Mit- statt Gegeneinander
Doch wie kommt man auf die Idee, eine solche Wettkampfreihe ins Leben zu rufen? „Wir waren nicht einverstanden mit einigen Dingen, die im organisierten Wettkampfbetrieb vorgefallen sind“, berichtet Thomas Koch. Er ist Sportwart des Boxverbandes Nordrhein-Westfalen und des Mittelrheinischen Amateur-Box-Verbandes und zugleich Koordinator des PBC für den Deutschland Cup. „Für den Liga-Betrieb werden die Rahmenbedingungen vorab schriftlich festgehalten, nur bei den Veranstaltungen erinnert man sich oft nicht mehr daran. Aus diesem Grund haben wir uns gesagt: Wir müssen Voraussetzungen schaffen, die es ermöglichen, unter gleichen Bedingungen Hin- und Rückkämpfe zu bestreiten, um die Teilnehmer ans Boxen zu kriegen. Beim
Deutschland Cup ist das der Fall. Hier werden die Sportler im Vorfeld gemeldet, sodass jeder weiß, mit wem man es zu tun hat und in welcher Gewichtsklasse die Leute antreten. Trotz des sportlichen Vergleichs, der im Vordergrund steht, beruht hier vieles auf Gegenseitigkeit. Die Kameradschaft und das freundschaftliche Zusammenarbeiten der Vereine sind uns sehr wichtig.“
Eigene Regeln
Der Deutschland Cup, der während der Corona-Pandemie ins Leben gerufen wurde, um den Sportbetrieb am Laufen zu halten, ist vollkommen autark vom Deutschen Boxsport-Verband.

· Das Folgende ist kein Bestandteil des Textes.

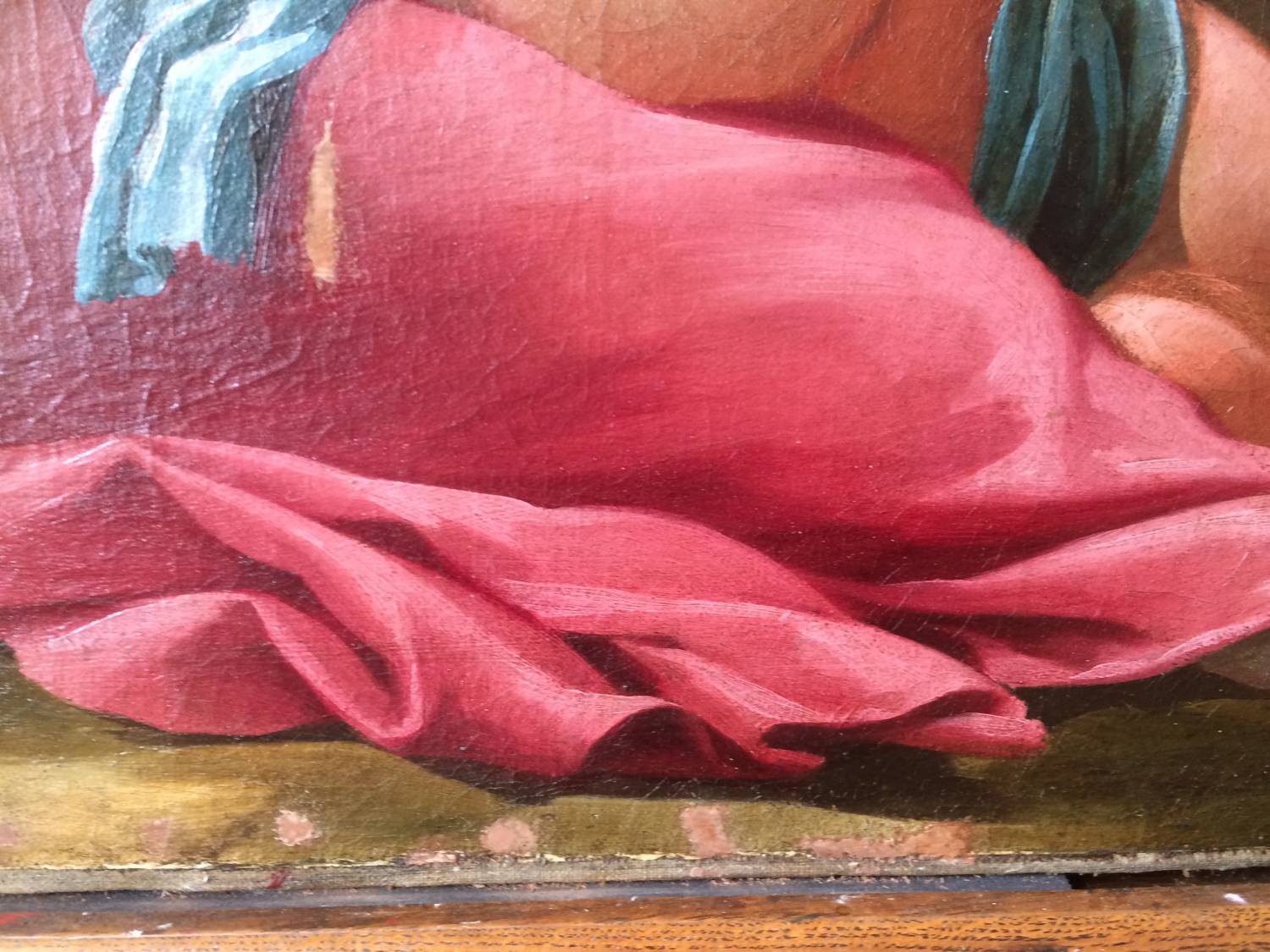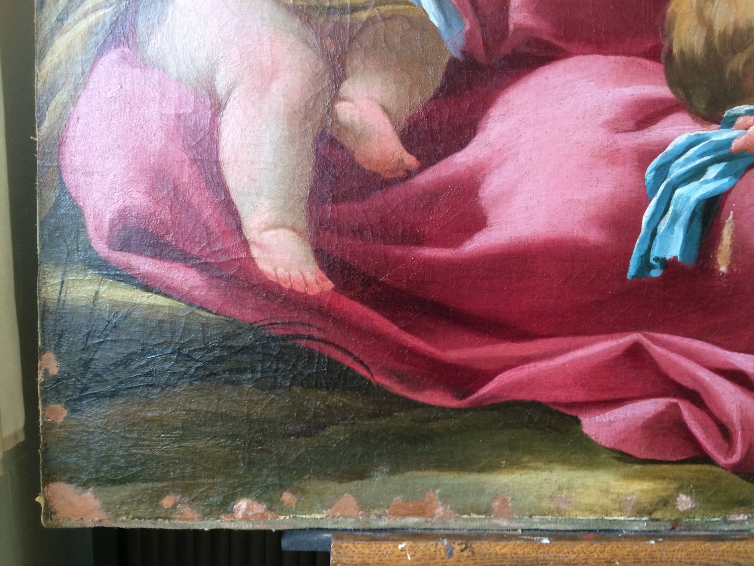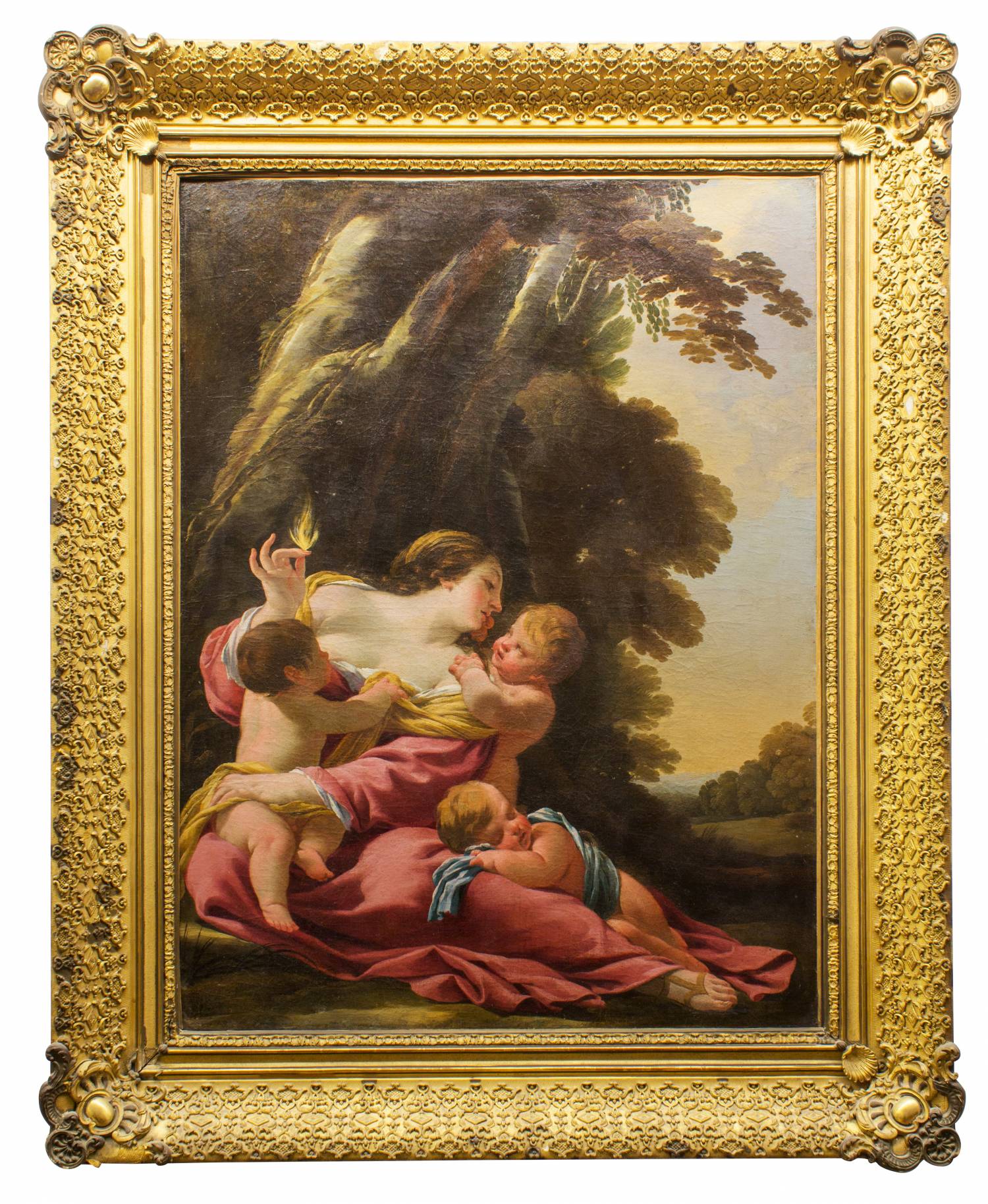 Simon Vouet (1590 – 1649) est le grand représentant de la peinture française de la première moitié du XVIIe siècle. Né à Paris, il voyagea en Italie à partir de 1612 et visita Venise, Gênes, Milan… A Rome, il reçut de nombreuses commandes, notamment pour le cardinal Barberini, futur pape Urbain VIII. Il exécuta une oeuvre, aujourd’hui détruite, pour la basilique Saint-Pierre. Grâce à sa renommée, il fut porté à la tête de l’Académie de Saint-Luc en 1624. A son retour en France en 1627, il jouit d’une très grand popularité et exécuta de nombreuses commandes, pour Louis XIII et Richelieu par exemple. Il dirigea alors un très grand atelier que fréquentèrent de nombreux artistes comme Pierre Mignard, Eustache Le Sueur, Charles Le Brun et André Le Nôtre.

Zwar wird nach den offiziellen Wettkampfbestimmungen geboxt, aber das war es dann auch schon. „Wir machen unsere eigenen Regeln“, sagt Thomas Dick. Was im ersten Moment aufsässig klingt, meint aber etwas ganz anderes. Hier geht es nicht um Widerstand gegen Verbandsstrukturen, sondern um eine pragmatische Herangehensweise und ein unbürokratisches Miteinander im Sinne des Sports.
Wie das aussehen kann, erzählt Thomas Koch: „Unser 60-Kilo-Mann schreibt mittags in der Uni eine Klausur und boxt abends für uns in Hamburg. Er müsste um 17 Uhr zur Waage, kommt aber erst um 18 Uhr in Hamburg am Bahnhof an. Also sprechen wir mit dem Ausrichter: Ist es ein Problem, wenn er später kommt, auf die Waage geht und dann den letzten Kampf bestreitet? Nein, ist es nicht. Sein Gegner wiegt 300 Gramm zu viel. Streng genommen müsste er den Schwitzanzug anziehen und einmal um den Block laufen. Wir haben uns stattdessen abgesprochen und der Kampf konnte auch so stattfinden. Alles im Sinne des Sports. Schließlich bringt es keinem etwas, 500 Kilometer umsonst zu fahren, weil am Ende kein Gegner da steht.“
Damit dieser unbürokratische Ansatz erhalten bleibt, ist man beim PBC ebenso wie in Hamburg und Landshut vorsichtig, was eine Erweiterung des Teilnehmerfeldes angeht. Anfragen gibt es immer wieder. Auch aktuell sind wieder Vereine interessiert. Doch die Pulheimer sind darauf bedacht, die Stimmung und den Zusammenhalt zu bewahren. Vereine müssten deshalb bereit sein, im Sinne des Boxens Kompromisse einzugehen.